According to the results of the present study, the test substance did not lead to a biologically relevant increase in the number of revertant colonies either without S9 mix or after adding a metabolizing system in several experiments carried out independently of each other (standard plate test and preincubation assay). However, the increase in the number of his+ revertants observed in the preincubation test with the test strain TA 100 was not reproduced in a repeat experiment, and so these findings have to be regarded as biological irrelevant. Besides, the results of the negative as well as the positive controls performed in parallel corroborated the validity of this study, since the values fulfilled the acceptance criteria of this study.

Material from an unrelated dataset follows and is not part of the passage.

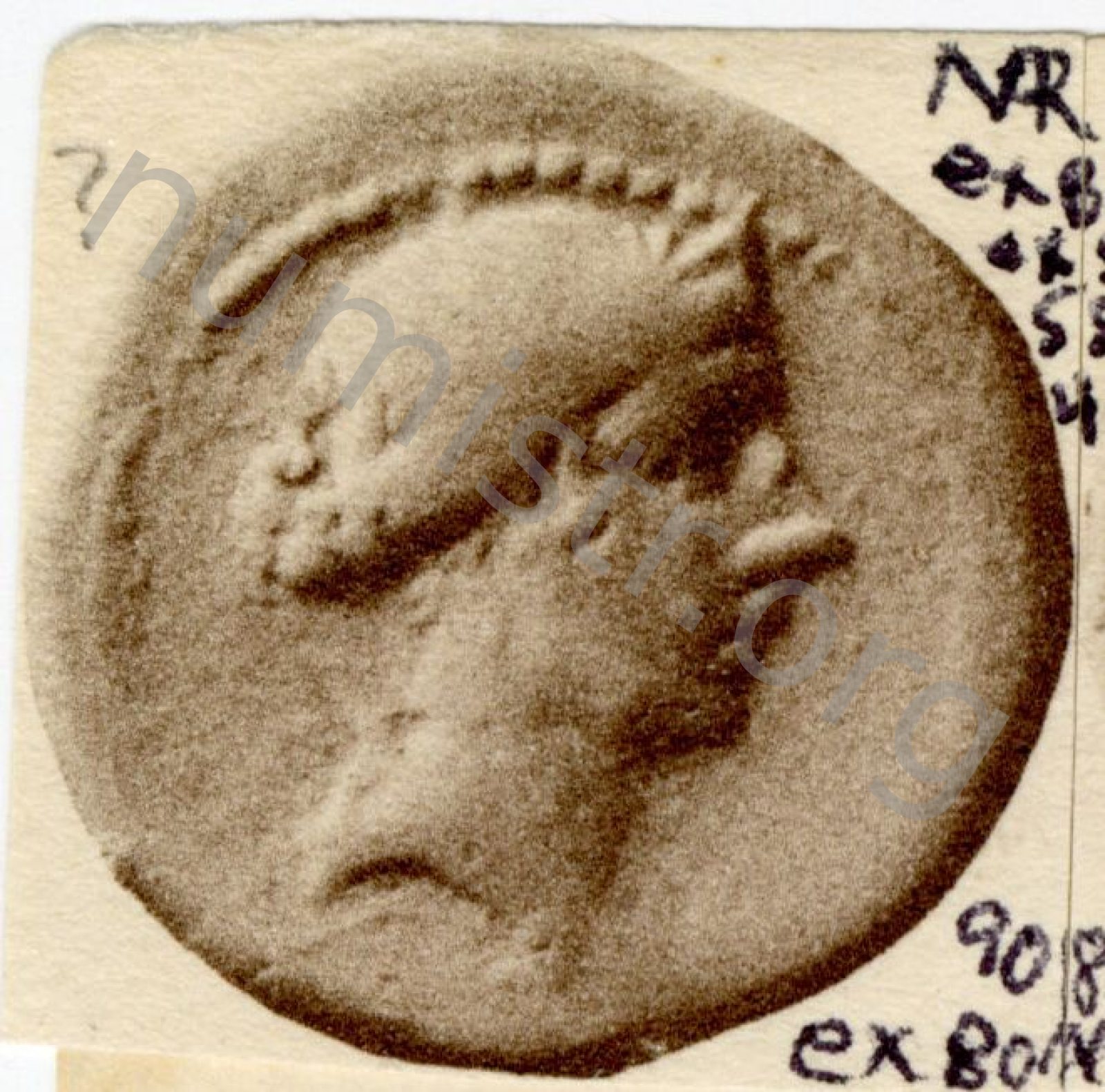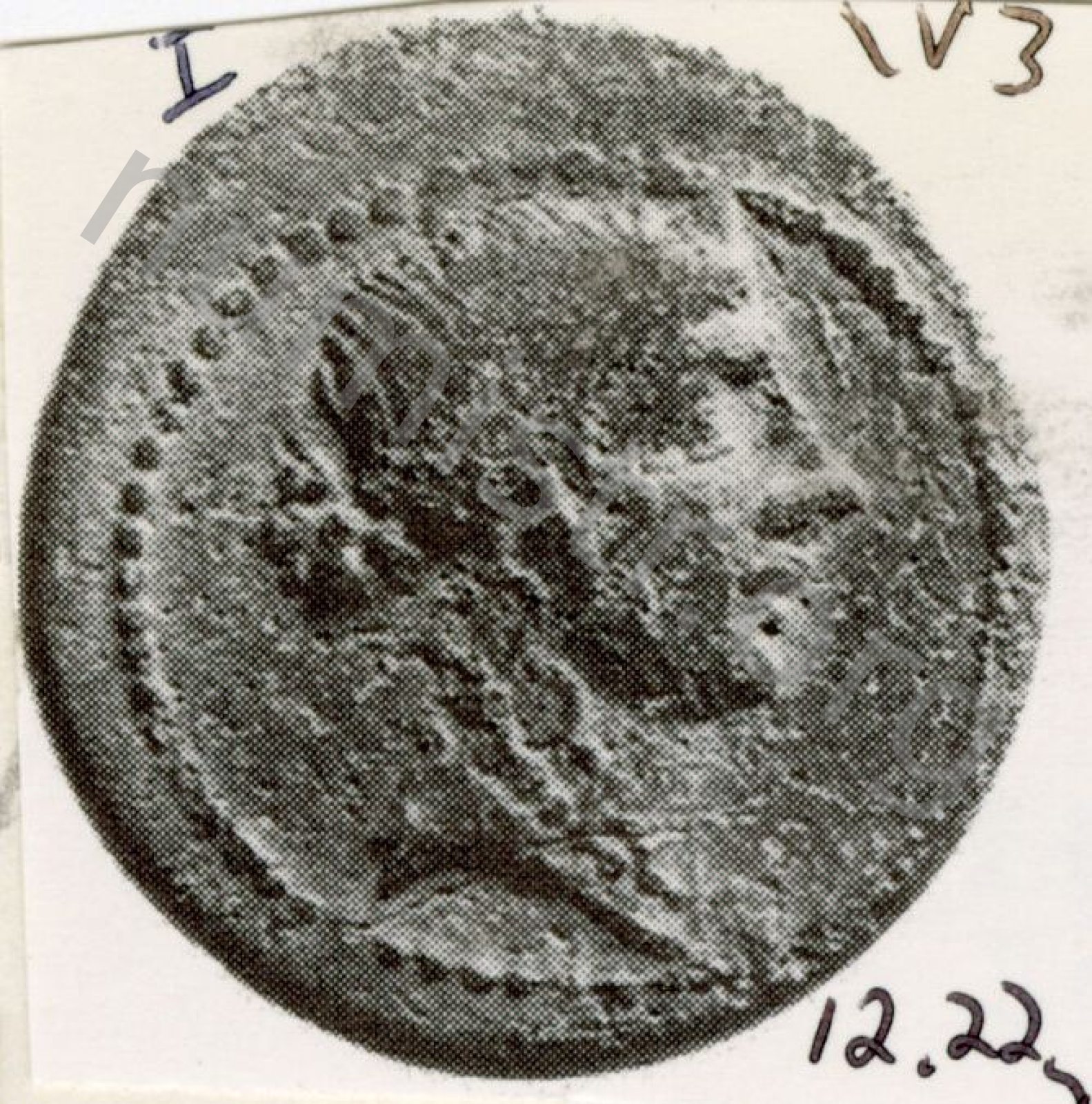 Head of Venus right wearing diadem. Border of dots. -[en]

In this study with and without S9 mix, the number of revertant colonies in the negative controls was within the range of the historical negative control data for each tester strain.

In addition, the positive control substances both with and without S9 mix induced a significant increase in the number of revertant colonies within the range of the historical positive control data or above. [BASF, 2013]

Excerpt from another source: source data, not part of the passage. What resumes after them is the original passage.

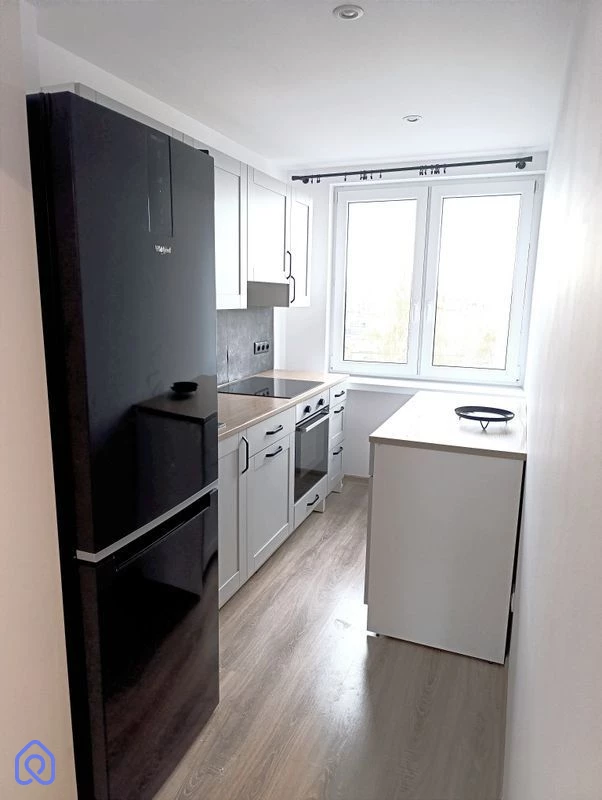 Mieszkanie zostało wyposażone w nowoczesne urządzenia AGD, w tym piekarnik, płyta kuchenna, lodówka oraz pralka, zapewniając pełną funkcjonalność i komfort codziennego życia.
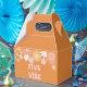 Retro inspired five is a vibe 5th birthday favour boxes with 70's style flowers and boho fonts and colours.
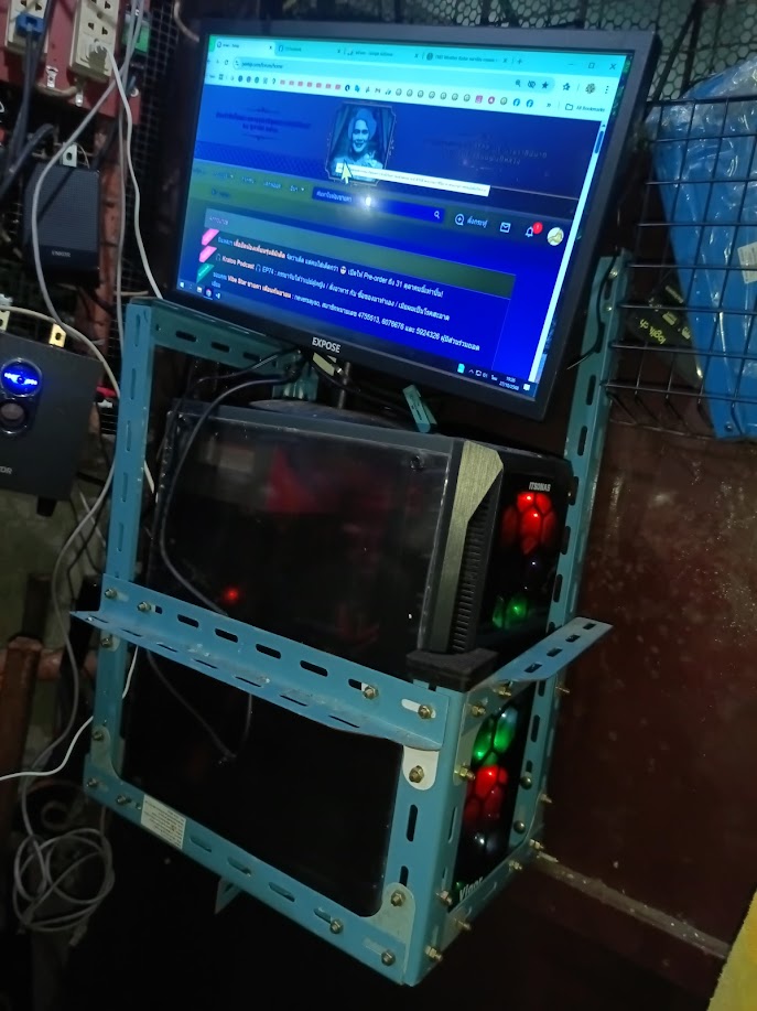 พื้นที่มีน้อย ใช้สอยให้คุ้มค่า ตัวแขวนPC ทำด้วยเหล็กฉากรู
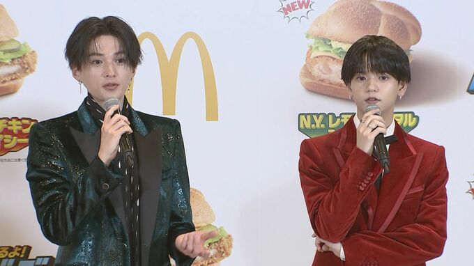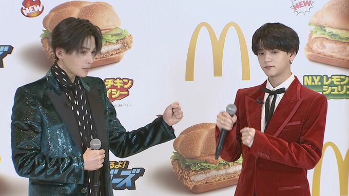 29日、マクドナルドの期間限定メニュー『行った気にさせるよ!N.Y.バーガーズ』の新商品発表イベントが行われ、FANTASTICSの八木勇征さんと中島颯太さん、そして、モデル・ゆうちゃみさんが登壇しました。

Justification for classification or non-classification

Dangerous Substance Directive (67/548/EEC)

The available information is considered reliable and suitable for classification purposes under 67/548/EEC. As a result the substance is not considered to be classified as mutagenic under Directive 67/548/EEC, as amended for the 28th time in Directive 2001/59/EC.

Classification, Labelling, and Packaging Regulation (EC) No. 1272/2008

The available information is considered reliable and suitable for classification purposes under 67/548/EEC. As a result the substance is not considered to be classified as mutagenic under Regulation (EC) No. 1272/2008, as amended for the second time in Directive (EC 286/2011).